With the pictures left out, return exactly the lines from the one containing "作为一名大学生,一个月一般会" through the end of the listing below.

BEGIN Task input

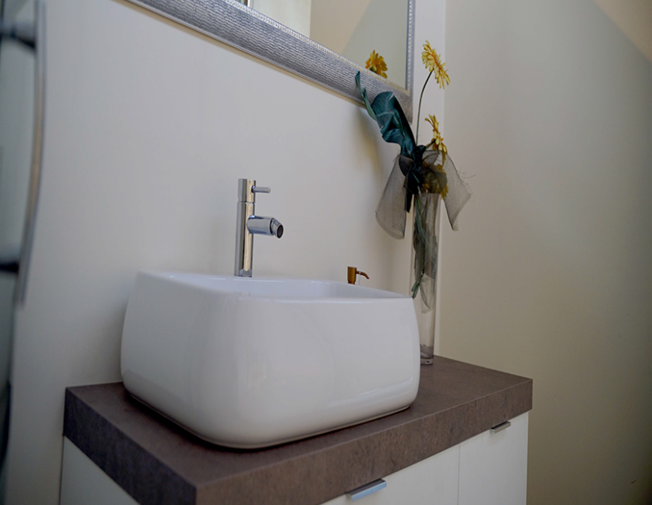 Ogni elemento è realizzato con materiali di alta qualità e finiture curate, in grado di garantire durabilità, resistenza all’umidità e facilità di pulizia.
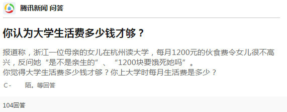 作为一名大学生,一个月一般会花多少钱?围绕大学生消费的相关话题,社会上一直争论不断。在消费方面,大学生作为一个颇显尴尬的群体,有劳动能力却没有固定收入,因此一旦伸手向父母要钱就易被质问,却又无可奈何。而对于那位义乌妈妈“大学生生活费多少钱才够”的问题,企鹅问答的网友们纷纷回忆起了自己的大学生活……
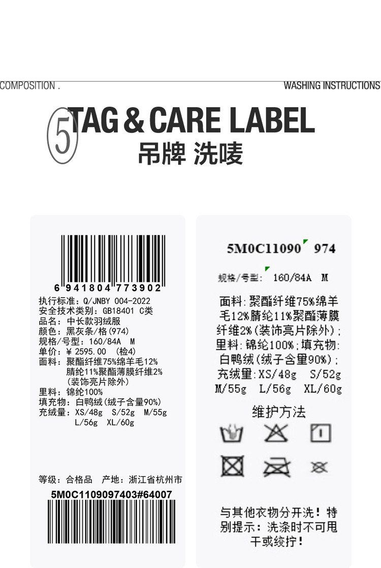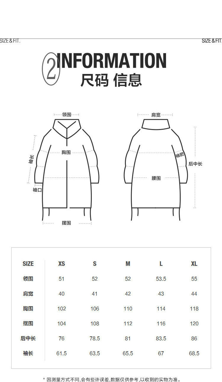 商品名称:冬羽绒服宽松长袖H型外套女 811019
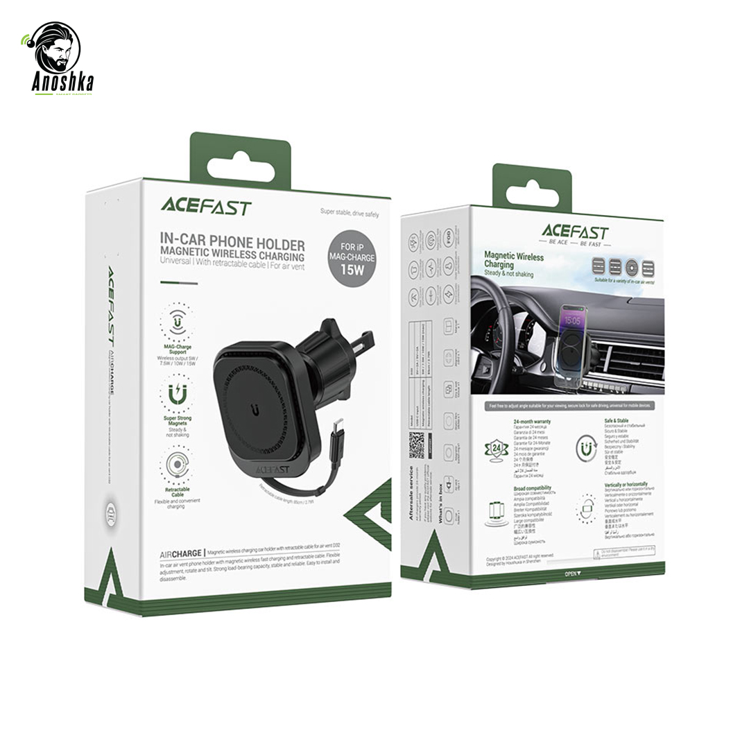 The ACEFAST D32 Magnetic In-Car Phone Holder redefines convenience on the road with its powerful magnetic grip and built-in 15W fast wireless charging. Designed for modern drivers, it securely holds your MagSafe-compatible smartphone while delivering efficient, cable-free charging—keeping your device powered and accessible throughout every journey.
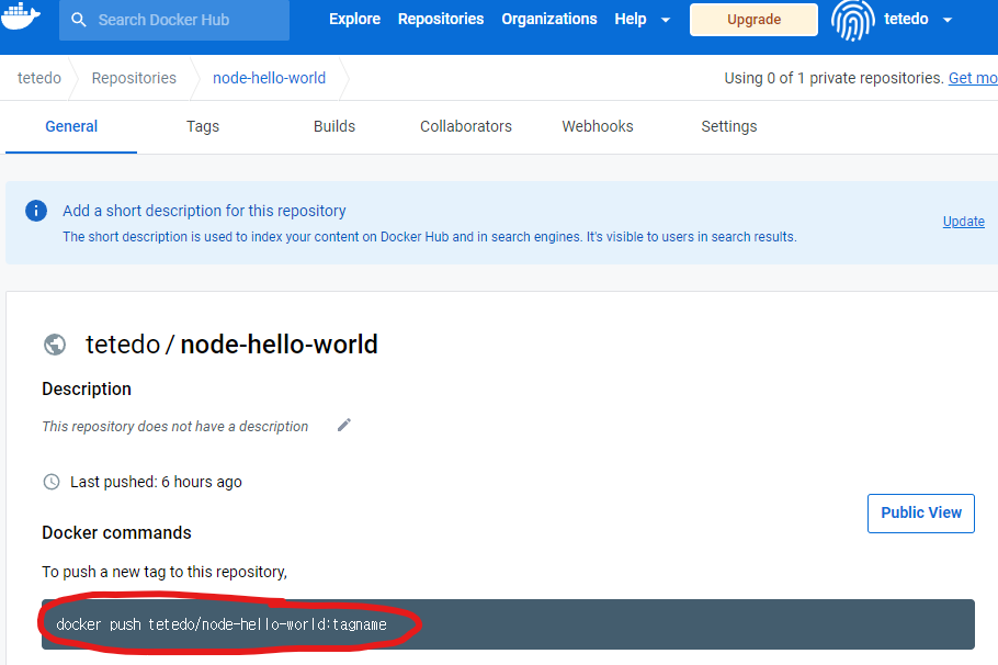 이미지의 이름은 태그네임을 빼고 복사한다. (tetedo/node-hello-world)

END Task input

- [Your response]:
 作为一名大学生,一个月一般会花多少钱?围绕大学生消费的相关话题,社会上一直争论不断。在消费方面,大学生作为一个颇显尴尬的群体,有劳动能力却没有固定收入,因此一旦伸手向父母要钱就易被质问,却又无可奈何。而对于那位义乌妈妈“大学生生活费多少钱才够”的问题,企鹅问答的网友们纷纷回忆起了自己的大学生活……
 商品名称:冬羽绒服宽松长袖H型外套女 811019
 The ACEFAST D32 Magnetic In-Car Phone Holder redefines convenience on the road with its powerful magnetic grip and built-in 15W fast wireless charging. Designed for modern drivers, it securely holds your MagSafe-compatible smartphone while delivering efficient, cable-free charging—keeping your device powered and accessible throughout every journey.
 이미지의 이름은 태그네임을 빼고 복사한다. (tetedo/node-hello-world)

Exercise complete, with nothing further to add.